Top of Source data

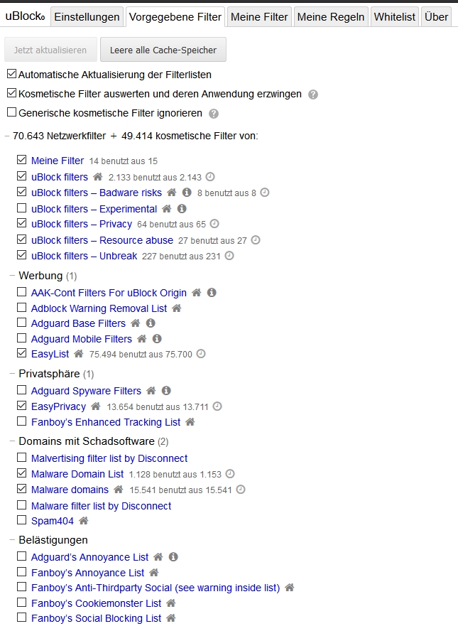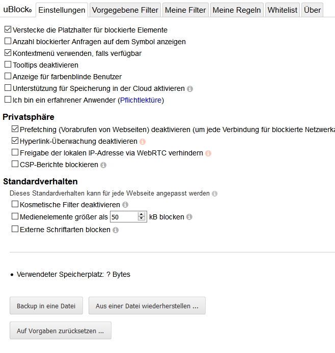 3.) Im ublock-Einstellungsfenster (siehe Screenshot)
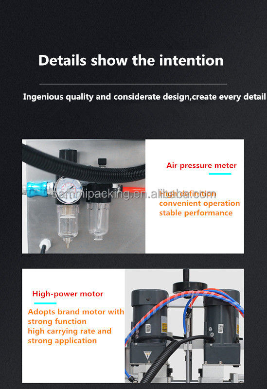 Подходит для закрутки крышки различных форм бутылок в пищевой промышленности, фармацевтической промышленности, повседневной химической промышленности, пестицидов и косметики и т.д.Его четыре регулируемых двигателей скорости используются соответственно для питания крышки, зажимание бутылок, доставка и закручивание крышек. Он характеризуется высоким уровнем автоматизации, выдающейся стабильностью, легкой регулировкой, отсутствием необходимости в запасных частях для замены типов бутылок или крышек,что можно сделать только путем корректировки.
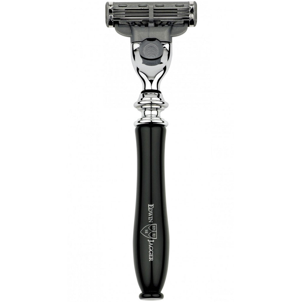 Edwin Jagger Mach3 Scheermes Chatsworth Zwart is een perfect voorbeeld van luxe en vakmanschap. Dit scheermes heeft een elegant ontwerp met een handvat gemaakt van zwart kleurig edelkunsthars, dat prachtig contrasteert met het hard verchroomde metalen accent. Het gebruik van hoogwaardige materialen zorgt voor een stevige grip en een uitstekende controle, wat resulteert in een comfortabel, veilig en glad scheerresultaat. Geschikt voor de Gillette® Mach3™ scheermesjes, biedt dit scheermes niet alleen functionaliteit, maar ook een verfijnde uitstraling voor de moderne man.
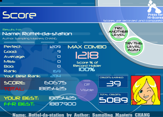 It's not that impressive of a score, but I wanted to post it because it put me at exactly 100 Average Rank, which is one of my 3 major FFR goals that I thought I would NEVER, EVER achieve (not the getting exact part, but just being able to get to 100 or below.
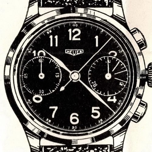 Reference 347 is a manual-wind, two-register chronograph (30 minute capacity); 36 millimeter, stainless steel snap-back case has oval pushers and rounded lugs; Valjoux 22 movement (14 ligne).
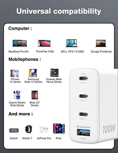 Fiche Technique Chargeur mural USB C 100 W, TECKNET GaN Ⅲ Bloc de chargeur rapide USB-C portable avec câble de type C, adaptateur d’alimentation PD pour iPhone 14/14 Pro, MacBook Pro, iPad, AirPods, Dell XPS, Pixel, Samsung, PS5, Switch
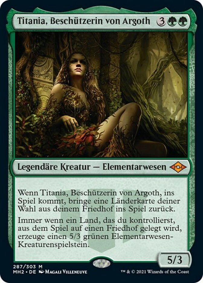 | Rules | When Titania, Protector of Argoth enters the battlefield, return target land card from your graveyard to the battlefield. Whenever a land you control is put into a graveyard from the battlefield, create a 5/3 green Elemental creature token. |
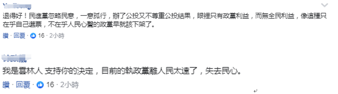 還有網友則表示支持蘇俊豪的決定,並稱民進黨忽略民意,只在乎選票,早就該下架↓
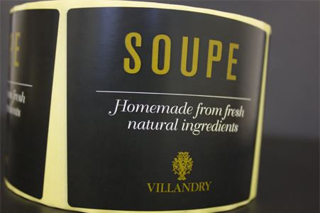 These elegantly poised labels have been printed by Etiquette. The minimalist design really stands out and the tapered shape of the label means that it will be easy to apply to the products packaging. Printed with the latest in UV ink technology these labels are sure to stand out from the crowd with its sleek a two colour print process and attract many of customers who have a great taste in soup and labels. For more information about printed labels contact our sales team direct on 0845 222 0354 or email us at sales@etiquette.co.uk.
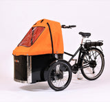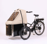 The Nihola Rainhood Family is a specially designed covering for the Nihola Family. The rainhood sits atop a pole set that extends for the cargo bin upwards. The durable cordura material combined with a weather resistant plastic means that the tent is incredibly strong, passengers can see through the hood when enclosed, and they can stay dry when the weather turns sour. It’s an easy installation so whenever the Rainhood isn’t necessary, you can leave it home for another day.
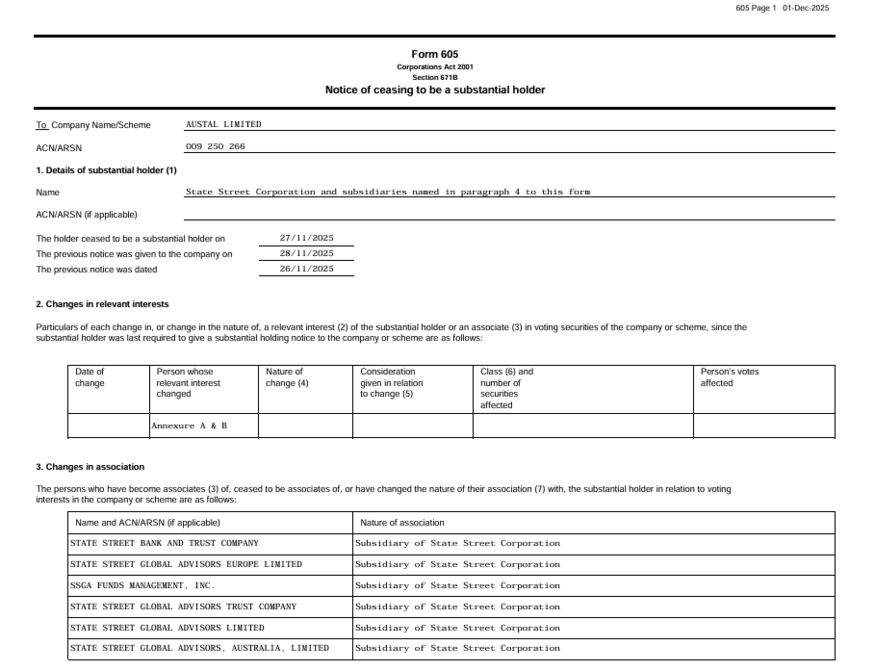 [더구루=오소영 기자] 미국 스테이트 스트리트 코퍼레이션(State Street Corporation, 이하 스테이트 스트리트)이 글로벌 조선·방산업체 오스탈(Austal)의 주요 주주에서 제외됐다. 한화의 지분 확대 움직임과 맞물려 오스탈 지배구조의 변화가 전망된다.
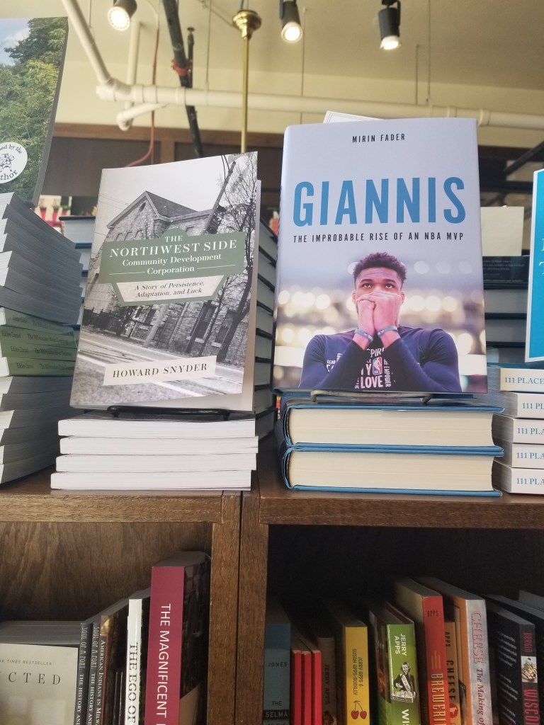 It’s pretty amazing to have Howard’s book, Northwest Side Community Development Corporation: A Story of Persistence, Adaptation, and Luck sitting right next to Mirin Fader’s new book Giannis, The Improbable Rise of an NBA MVP at our favorite local bookstore, Boswell Book Company.
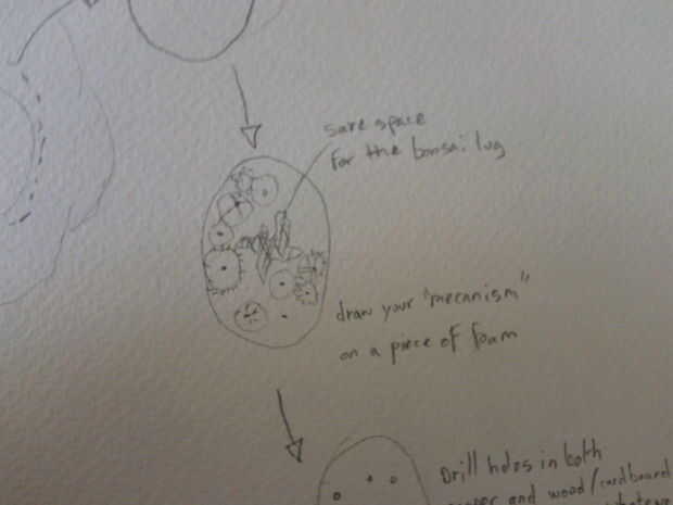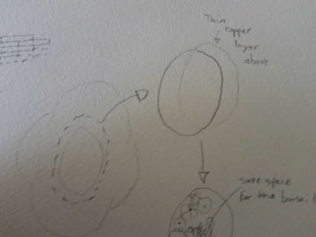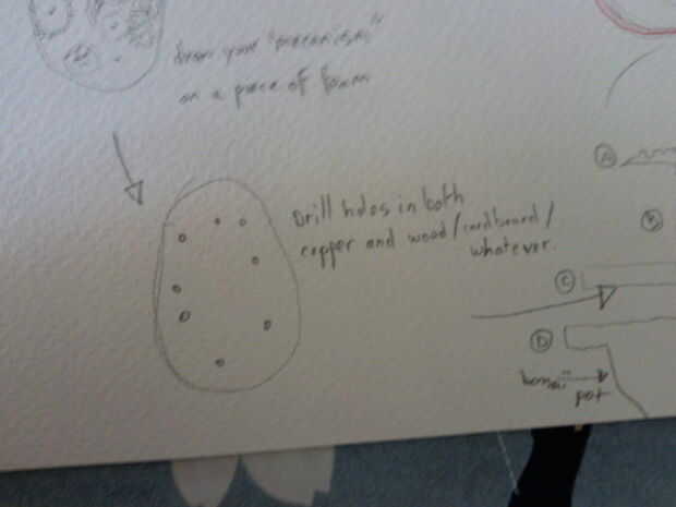 Cortar un trozo de madera en un tamaño más grande que su marco de fotos, pero no demasiado grande, 1cm más grande. Cortar un trozo de hoja de cobre del mismo tamaño y pégalo, lo hará su eje de engranajes ajuste más fuerte en todo. Ahora tome un pedazo de materia blanda, como espuma, dibujar la forma de su base, ahorrar espacio en el centro de su tronco bonsaï, taladre orificios (2 o 3) en su tronco y en la base, deben estar alineado, trate de hacer ambos al mismo tiempo. Agregado temporal el tronco en la espuma y el diseño de su mecanismo patern. Hacer una línea que representa el iner photoframe y no poner los engranajes sobre esa línea o no serás capaz de agregado todo junto. Colocar los engranajes como quieras, si el movimiento tiene un gran combo. Puede tener detalles con clavos de cobre, pequeños agujeros de taladro...
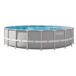 Piscine tubulaire Prism Frame ronde 6,10 x 1,22 m - Intex. Liner en PVC armé triple épaisseur gris clair.
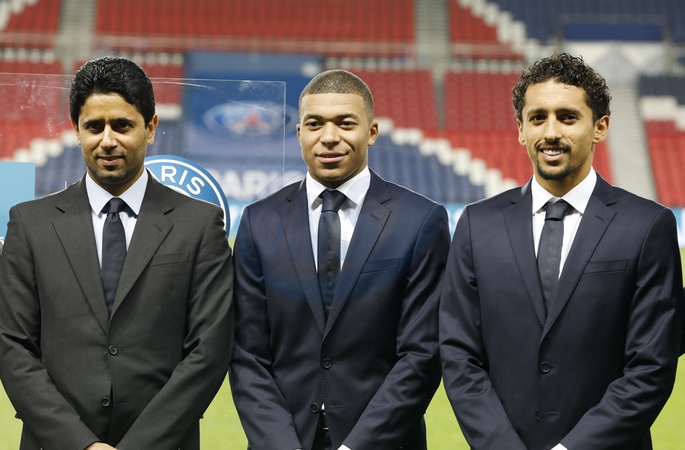 Info - Kylian Mbappé a saisi la LFP et l'UEFA pour réclamer 55 millions d'euros impayés par le PSG - Nasser Al-Khelaïfi, Président-Directeur général du Paris Saint-Germain, Kylian Mbappé et Marquinhos - Le groupe AccorHotels a signé un contrat de sponsoring "All Accor Live Limitless" avec le PSG au parc des Princes en présence des joueurs de l'équipe. Cet accord d'une durée de 3 ans, renouvelable, fait de ALL, le nouveau programme de fidélité d'Accor, le partenaire majeur et sponsor maillot officiel du Club à compter de la saison 2019-2020. Paris le 22 Février 2019 © Marc Ausset-Lacroix/Bestimage All Accor Live Limitless press conference at Parc des Princes: The AccorHotels group has signed a sponsorship contract with PSG; This renewable 3-year agreement makes ALL, the new loyalty program of Accor, the Club's major partner and official jersey sponsor starting in the 2019-2020 season. Paris on February 22, 2019
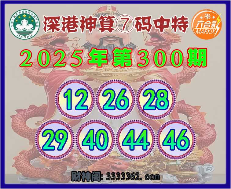300期:《深港神算》 🐁⑦码中特🐁【12.26.28.29.40.44.46】开:40
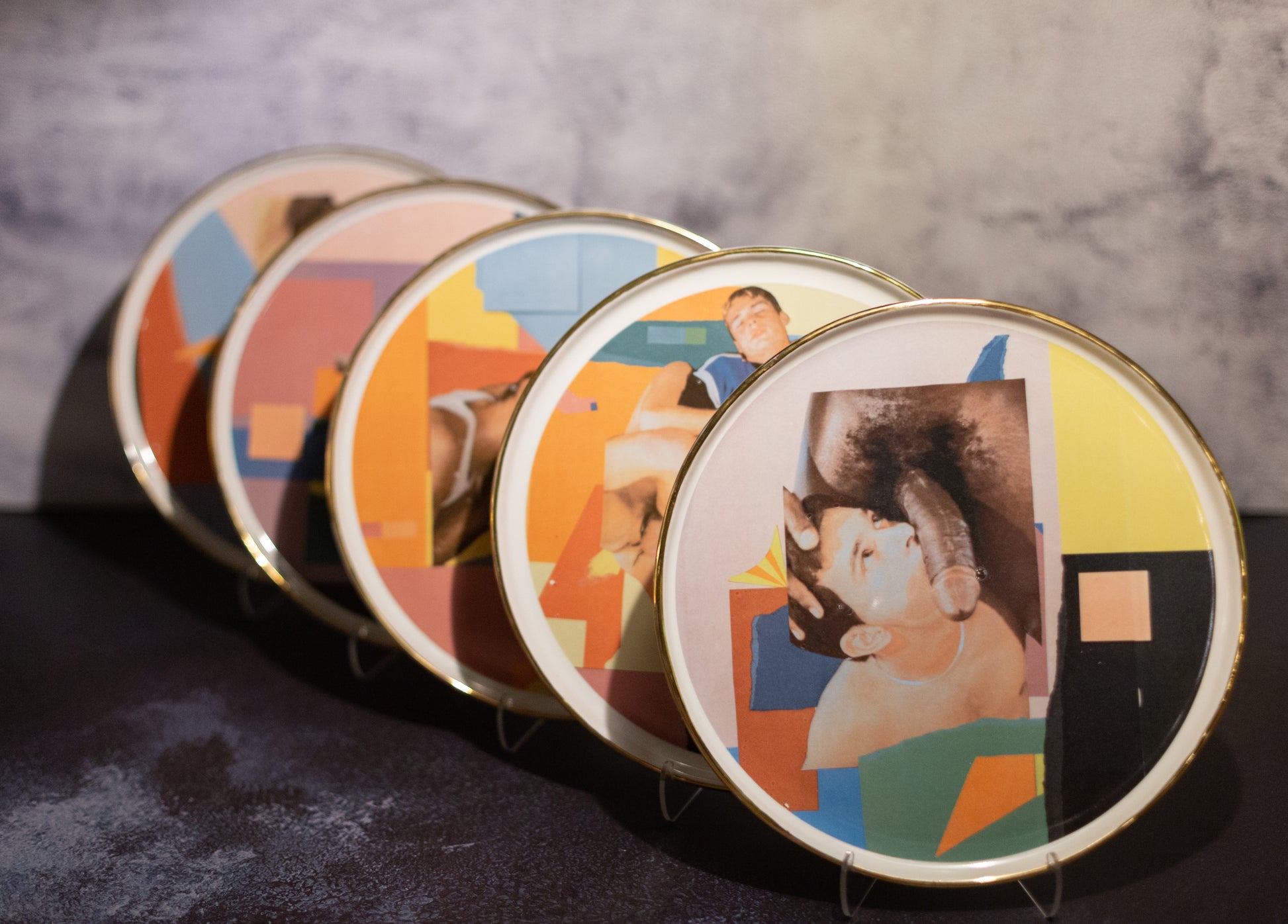Limited edition of 5. Each food safe porcelain plate is hand-numbered, collaged with vintage gay erotica and finished with a 24k gold rim. Diameter: approx. 27.94 cm / 11" Care Instructions: Not microwave or dishwasher safe due to gold detailing. Hand wash with care. Designed for functional use or display.

Bottom of Source data

* [Exercise aim]: Of the records above, print only the lines from the one containing "Piscine tubulaire Prism" through the one containing "300期:《深港神算》 🐁⑦", inclusive and unaltered, leaving out pictures.

* [Task result]:
 Piscine tubulaire Prism Frame ronde 6,10 x 1,22 m - Intex. Liner en PVC armé triple épaisseur gris clair.
 Info - Kylian Mbappé a saisi la LFP et l'UEFA pour réclamer 55 millions d'euros impayés par le PSG - Nasser Al-Khelaïfi, Président-Directeur général du Paris Saint-Germain, Kylian Mbappé et Marquinhos - Le groupe AccorHotels a signé un contrat de sponsoring "All Accor Live Limitless" avec le PSG au parc des Princes en présence des joueurs de l'équipe. Cet accord d'une durée de 3 ans, renouvelable, fait de ALL, le nouveau programme de fidélité d'Accor, le partenaire majeur et sponsor maillot officiel du Club à compter de la saison 2019-2020. Paris le 22 Février 2019 © Marc Ausset-Lacroix/Bestimage All Accor Live Limitless press conference at Parc des Princes: The AccorHotels group has signed a sponsorship contract with PSG; This renewable 3-year agreement makes ALL, the new loyalty program of Accor, the Club's major partner and official jersey sponsor starting in the 2019-2020 season. Paris on February 22, 2019
300期:《深港神算》 🐁⑦码中特🐁【12.26.28.29.40.44.46】开:40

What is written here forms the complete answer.